Я блаженствовал: прописан, принят в МГУ, правда, на биофак — факультет, к которому раньше серьезно не относился. Я полагал, что проучившись полгода, перейду на физический факультет — ведь перейти легче, чем поступить.

Итак, утром первого сентября я пошел на занятия. Я шел по еще тихой улице Герцена. Мамаши вели за ручки чисто вымытых первоклассников, и у меня было тоже настроение первоклассника: благоговение к тому храму, куда я направлялся. Семь лет перерыва!

Первая лекция была по общей биологии. Ее очень хорошо читал профессор Яков Михайлович Кабак, читал, увлекаясь и, как мне казалось, немного рисуясь. Это была легкая беллетристическая лекция. Затем нас разбили по языковым группам, я выбрал английскую — и занятия начались. Курс наш оказался дружным, хотя по составу довольно разношерстным: зеленая молодежь, окончившая в этом году десятилетку и так называемые «вояки» — люди, прошедшие фронт. Третья категория — студенты, имевшие несколько лет стажа работы.
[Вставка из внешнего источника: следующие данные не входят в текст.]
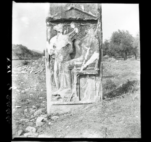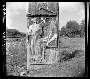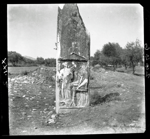 Part of a series of images from the island of Thasos by John ff. Baker-Penoyre during his visit in 1907 to map areas of archaeological interest, particularly the site of Limena, and to conduct investigations of ancient architecture. The original description of the image in the SPHS register reads: "Thasos: Limenas: City wall, stele outside south wall where west path to Panagia crosses (shows whole stele)".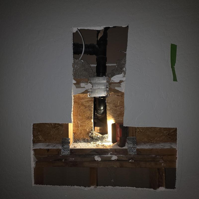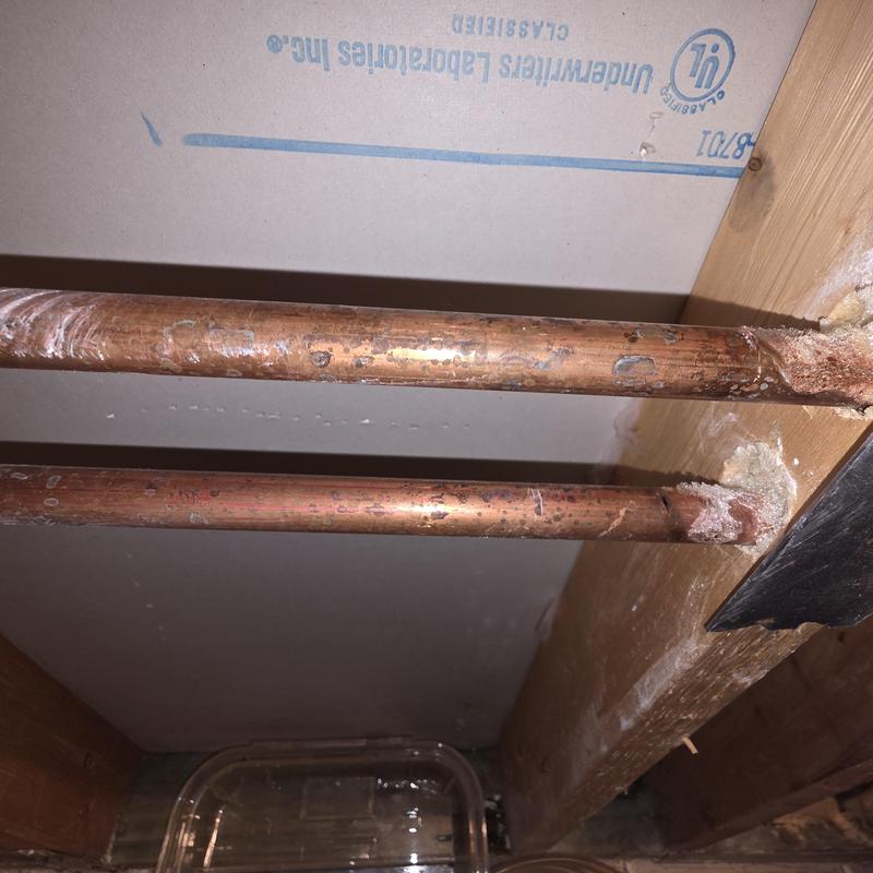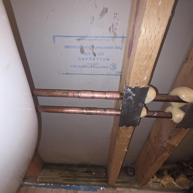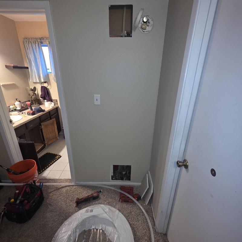 A plumber repaired half-inch hot and cold copper water lines inside a bathroom wall in Chandler, Arizona. The work focused on resolving issues with damaged plumbing behind finished interior surfaces.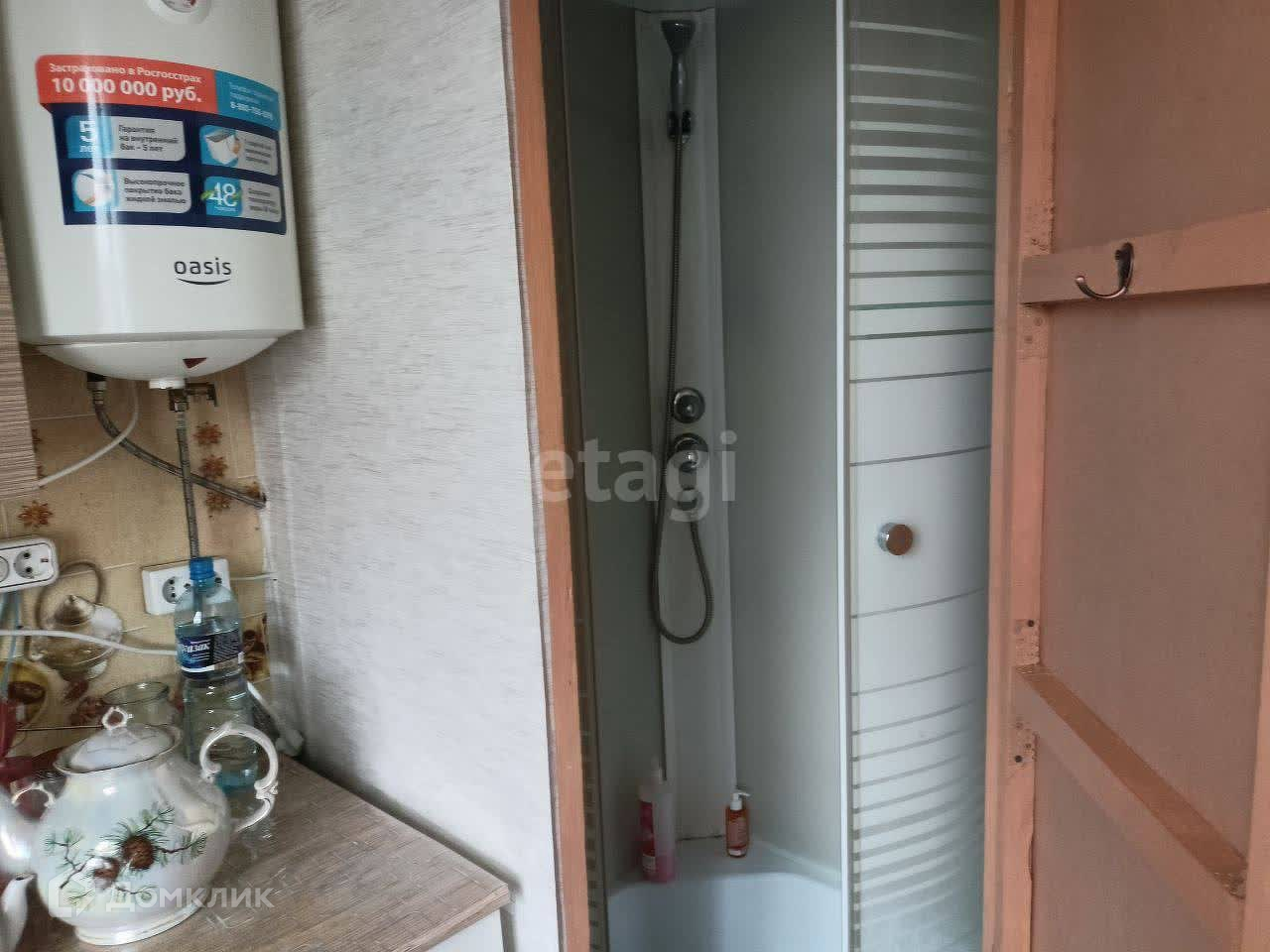 Душевая кабина, водонагреватель на 30л, туалет в доме.

Я с удивлением обнаружил на факультете огромное количество кафедр, то есть специальностей, о которых раньше и не подозревал по своей невежественности, и теперь с интересом с ними знакомился. Поначалу мне казалось, что учиться здесь легко — сиди себе и слушай, все понятно. По химии я еще со времен десятилетки помнил многие формулы и тоже не видел здесь больших трудностей. На память приходила каторга учения на физмате университета в Самарканде, куда я поступил в 1938 году. Перерыва в учении у меня тогда не было, школьную математику я знал превосходно, и тем не менее мне приходилось тогда очень много работать, решать целыми страницами задачи и примеры, подгонять теорию, чтобы понимать последующие лекции. А здесь на биофаке я пребывал в приятном заблуждении до середины семестра до момента первого коллоквиума по химии. На нем я позорно не мог выдавить из себя ни слова. Это было сигналом тревоги. Я почувствовал, что понимать лектора и активно знать материал — вещи разные и засел за учебники. Это сказалось: первую сессию я сдавал отлично. Правда, студентам в гимнастерках да с планками наград симпатизировали, особенно, когда видели их старание.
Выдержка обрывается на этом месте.